Task statement: The answer must reproduce all of the data below exactly and contain no images.

Supplied data:
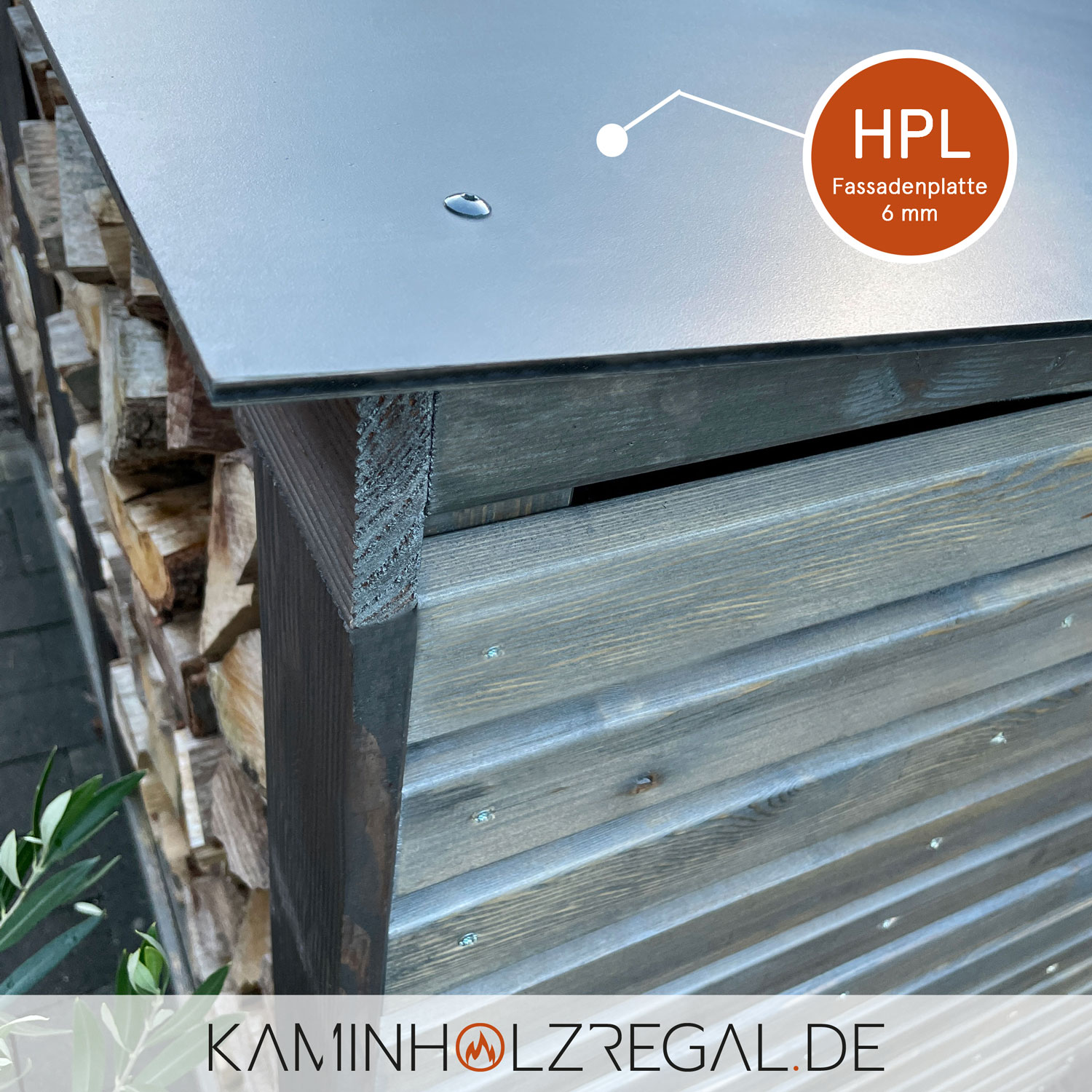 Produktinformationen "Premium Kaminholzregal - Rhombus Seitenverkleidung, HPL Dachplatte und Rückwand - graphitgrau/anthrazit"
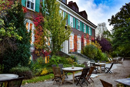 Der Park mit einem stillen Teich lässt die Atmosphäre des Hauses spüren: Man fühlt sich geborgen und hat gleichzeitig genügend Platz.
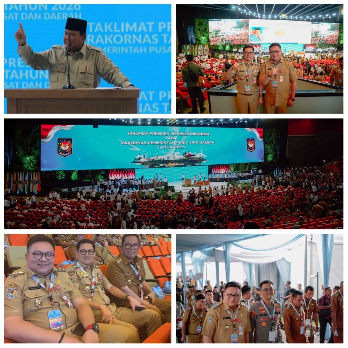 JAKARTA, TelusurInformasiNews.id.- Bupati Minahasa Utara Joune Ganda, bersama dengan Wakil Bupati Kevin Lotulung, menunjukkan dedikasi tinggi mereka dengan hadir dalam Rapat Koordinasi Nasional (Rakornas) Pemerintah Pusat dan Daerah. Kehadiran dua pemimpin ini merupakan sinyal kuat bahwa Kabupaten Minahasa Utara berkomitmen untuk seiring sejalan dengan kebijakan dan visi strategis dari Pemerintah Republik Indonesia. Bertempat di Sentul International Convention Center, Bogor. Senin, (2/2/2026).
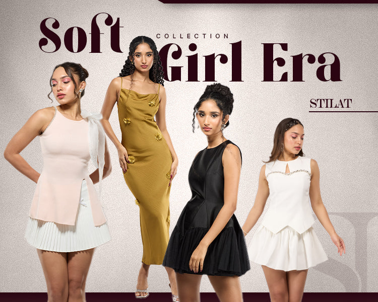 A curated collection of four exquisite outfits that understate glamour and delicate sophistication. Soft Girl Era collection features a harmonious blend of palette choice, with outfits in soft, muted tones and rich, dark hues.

Solved problem:
 Produktinformationen "Premium Kaminholzregal - Rhombus Seitenverkleidung, HPL Dachplatte und Rückwand - graphitgrau/anthrazit"
 Der Park mit einem stillen Teich lässt die Atmosphäre des Hauses spüren: Man fühlt sich geborgen und hat gleichzeitig genügend Platz.
 JAKARTA, TelusurInformasiNews.id.- Bupati Minahasa Utara Joune Ganda, bersama dengan Wakil Bupati Kevin Lotulung, menunjukkan dedikasi tinggi mereka dengan hadir dalam Rapat Koordinasi Nasional (Rakornas) Pemerintah Pusat dan Daerah. Kehadiran dua pemimpin ini merupakan sinyal kuat bahwa Kabupaten Minahasa Utara berkomitmen untuk seiring sejalan dengan kebijakan dan visi strategis dari Pemerintah Republik Indonesia. Bertempat di Sentul International Convention Center, Bogor. Senin, (2/2/2026).
 A curated collection of four exquisite outfits that understate glamour and delicate sophistication. Soft Girl Era collection features a harmonious blend of palette choice, with outfits in soft, muted tones and rich, dark hues.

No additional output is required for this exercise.